Дознаватель повернулся к судьям и со вздохом развел руками, как бы извиняясь за то, что своим упрямством обвиняемый испытывает их терпение. Один из судей, пожилой бюргер, страдающий жестокой отдышкой, обратившись к Андреасу, сказал благожелательно, но настойчиво:
— Юноша, против тебя улики и свидетели. Покайся, облегчи душу. Прискорбно видеть, как молодость и красота гибнут, будучи преданными врагу рода человеческого!
— Клянусь Господом, моей душе не станет легче, если я покаюсь в чужих грехах! — с горечью ответил школяр. — Я не убивал своего дядю.
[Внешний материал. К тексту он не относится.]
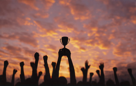 Hands reach up to celebrate a victory, holding a trophy high against a stunning sunset backdrop with colorful clouds. The moment captures joy and achievement..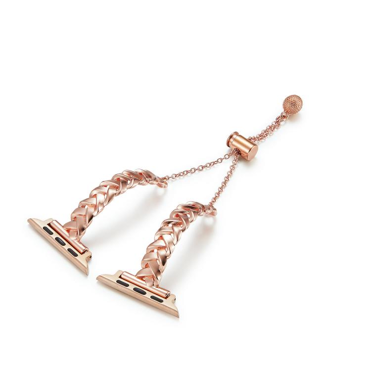 Correa de reloj de aleación de zinc brillante y metal trenzado para Apple Watch de 46 mm, 49 mm, 45 mm y 44 mm (oro rosa)
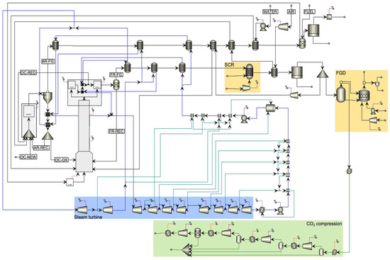 It is important to emphasize that within this global modeling approach, the model of the FR (general modeling principles, reaction paths, conversions, etc.) is based on results presented in previous works [24,25,26] and in the literature [15,16,30]. Regarding the other unit operations (flue gas cleanup units, steam cycle, etc.), the model is mainly based on the literature.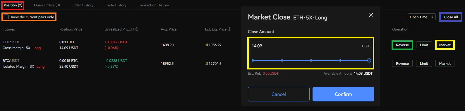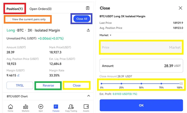 Close - 해당 포지션을 분매, 올매도 ( 지정가, 시장가 ) 할 수 있습니다.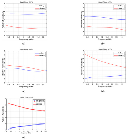 Complex permittivity of each fiber concentration. (a) SFRC 0.2%. (b) SFRC 0.3%. (c) SFRC 0.4%. (d) SFRC 0.5%. (e) SFRC 1.0%.

В ту ночь меня не было в его доме!
— Где же ты был? — спросил судья.
— Я был на праздничной службе, — сказал школяр. — После чего одна дама велела мне следовать за ней и ждать ее возле дома. Я так и сделал. Но меня, как видно, приняли за бродягу: хозяин выслал слуг, и те палками погнали меня прочь.
Услышав это, судья пристально взглянул на него и велел назвать имя женщины.
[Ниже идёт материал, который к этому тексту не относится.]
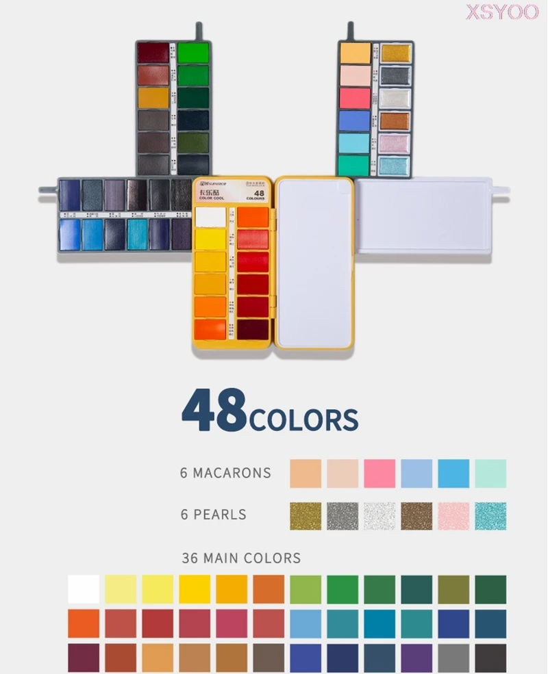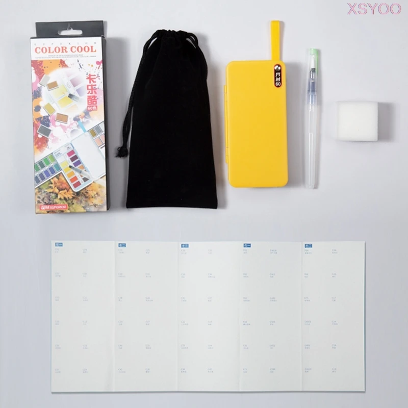 Superior 36/48/60Colors Watercolor Paint Set Foldable Pigment Paint with Water Brush Pen Travel Water Color Artists Art Supplies

— Ее зовут Барбара Вальке, — ответил Андреас.
Судья задохнулся, лицо его побагровело, а глаза налились кровью. Он кряхтел и хватал ртом воздух, и шея у него раздулась, как зоб у индюка. Когда же приступ удушья прошел, он разразился потоком брани:
— Мерзавец! Проклятый еретик! А я вздумал жалеть это чертово отродье! Палач, отрежь ему язык! Вырви ему глотку! Залей свинцом его грязный рот! Ах, злодей! Как ты смеешь прикрываться именем моей дочери? Трепать перед всеми ее честное имя? Нет, Господь не потерпит этого… Подлый обманщик! Тебя ждет костер!
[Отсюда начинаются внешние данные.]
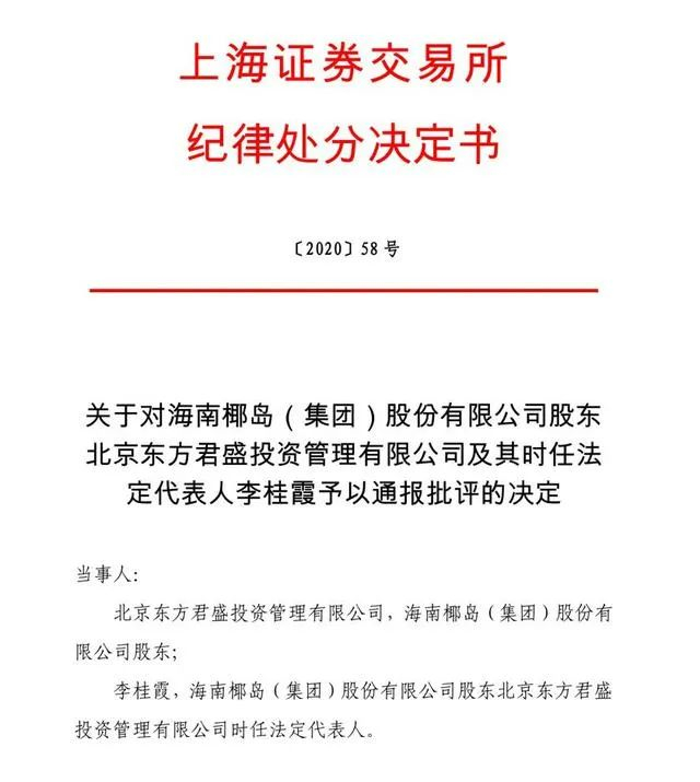 2020年6月,因此前增持存在违规事实,上交所对ST椰岛控股股东东方君盛及时任法定代表人李桂霞做出批评。

— А какую кару Бог уготовил лживой женщине? — спросил Андреас.
Судья не ответил, ибо от гнева лишился языка. Школяр обвел взглядом остальных и увидел, что все они убеждены в его виновности. Им овладел страх, но он упрямо качнул головой и произнес:
— In non culpa.
Тогда по приказу судьи палач снял с него одежду и сбрил ему волосы на голове и теле, разыскивая чародейские знаки. Потом школяра отвели обратно в камеру и оставили там, нагого, дрожащего от ярости и унижения; уходя, тюремщик забрал кружку с водой и остатки хлеба.
Тьма и холод вновь обступили Андреаса. Он прижал колени к груди и обхватил ладонями ступни. Время шло, а желанное забытье никак не наступало. Лишь теперь перед ним открылись вся глубина случившегося несчастья, вся тяжесть мучений, которым его обрекли, весь ужас казни, которая его ожидала. Силы покидали его, страх высасывал его душу, а сырая темница — тело. Спасения не было. Отчаяние захлестнуло Андреаса.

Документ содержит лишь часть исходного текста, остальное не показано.